─── THE RECORDS ───

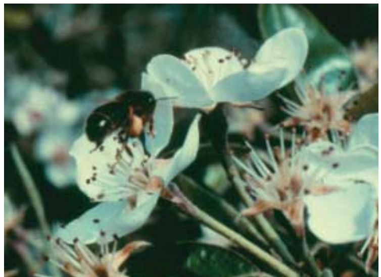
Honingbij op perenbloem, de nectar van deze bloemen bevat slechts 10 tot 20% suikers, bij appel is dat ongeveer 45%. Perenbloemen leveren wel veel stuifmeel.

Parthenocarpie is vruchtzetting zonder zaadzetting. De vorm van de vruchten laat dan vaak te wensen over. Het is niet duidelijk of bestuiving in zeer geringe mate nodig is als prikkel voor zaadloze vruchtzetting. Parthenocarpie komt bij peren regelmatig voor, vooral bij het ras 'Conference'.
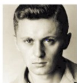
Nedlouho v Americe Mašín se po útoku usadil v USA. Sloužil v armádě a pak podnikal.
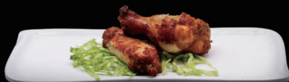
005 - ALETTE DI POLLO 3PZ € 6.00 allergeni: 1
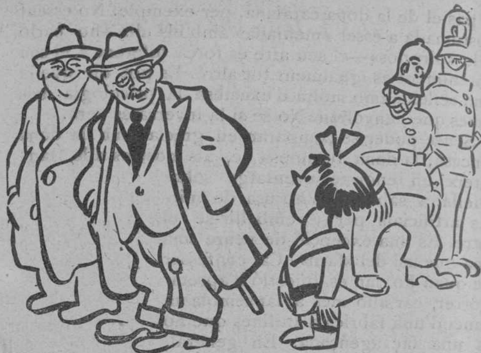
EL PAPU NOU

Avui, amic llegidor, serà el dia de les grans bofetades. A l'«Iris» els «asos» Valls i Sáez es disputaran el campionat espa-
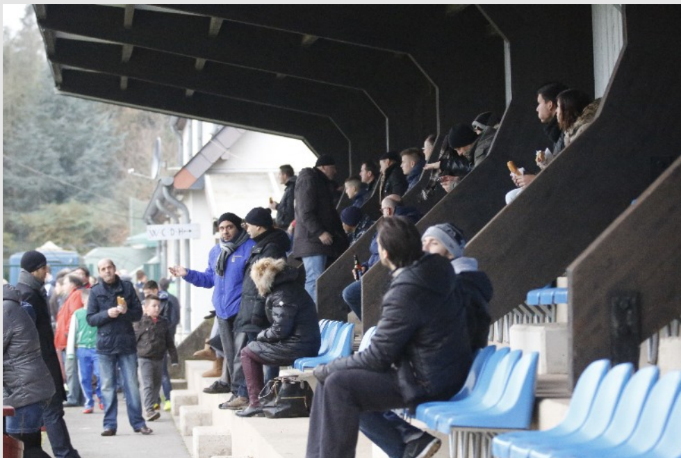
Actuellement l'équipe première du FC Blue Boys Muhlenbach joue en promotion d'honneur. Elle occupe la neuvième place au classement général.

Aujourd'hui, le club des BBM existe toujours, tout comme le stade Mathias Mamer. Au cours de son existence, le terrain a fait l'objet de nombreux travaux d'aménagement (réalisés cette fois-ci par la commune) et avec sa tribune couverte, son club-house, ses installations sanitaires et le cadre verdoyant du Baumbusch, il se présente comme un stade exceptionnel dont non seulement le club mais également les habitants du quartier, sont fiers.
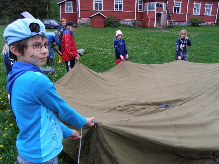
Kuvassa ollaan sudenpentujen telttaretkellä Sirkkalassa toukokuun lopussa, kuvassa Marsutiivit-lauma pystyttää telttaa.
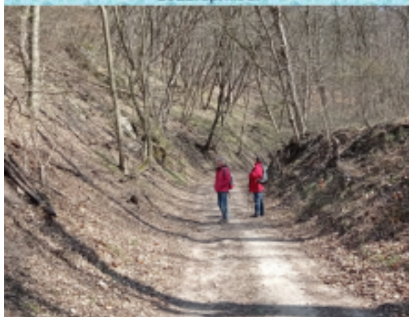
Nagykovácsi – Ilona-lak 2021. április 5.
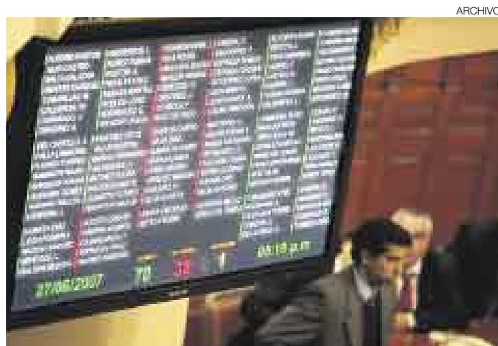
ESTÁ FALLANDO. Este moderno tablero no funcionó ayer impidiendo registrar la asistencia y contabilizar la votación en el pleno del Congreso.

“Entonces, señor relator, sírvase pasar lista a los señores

───
─── THE RECORDS ───

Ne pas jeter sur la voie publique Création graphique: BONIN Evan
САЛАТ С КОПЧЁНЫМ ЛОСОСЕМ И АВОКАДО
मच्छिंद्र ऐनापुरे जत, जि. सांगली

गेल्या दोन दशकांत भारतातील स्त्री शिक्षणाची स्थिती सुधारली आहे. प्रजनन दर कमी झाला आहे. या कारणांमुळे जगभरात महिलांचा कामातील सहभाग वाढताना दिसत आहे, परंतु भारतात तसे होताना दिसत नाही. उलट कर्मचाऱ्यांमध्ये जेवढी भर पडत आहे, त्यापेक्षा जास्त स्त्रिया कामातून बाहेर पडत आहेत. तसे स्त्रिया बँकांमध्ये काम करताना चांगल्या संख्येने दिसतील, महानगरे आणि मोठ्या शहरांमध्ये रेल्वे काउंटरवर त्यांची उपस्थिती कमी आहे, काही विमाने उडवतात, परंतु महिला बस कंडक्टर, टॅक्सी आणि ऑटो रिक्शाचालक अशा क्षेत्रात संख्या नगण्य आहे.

───

**TASK REQUIREMENTS:** Lines wanted from the entries above: the one with "005 - ALETTE DI POLLO 3PZ € 6.00 allergeni: 1", the one with "Avui, amic llegidor, serà", and all lines between. Please copy them exactly, without the pictures and without anything else.

**OUTPUT FOR THIS TASK:**
005 - ALETTE DI POLLO 3PZ € 6.00 allergeni: 1
EL PAPU NOU

Avui, amic llegidor, serà el dia de les grans bofetades. A l'«Iris» els «asos» Valls i Sáez es disputaran el campionat espa-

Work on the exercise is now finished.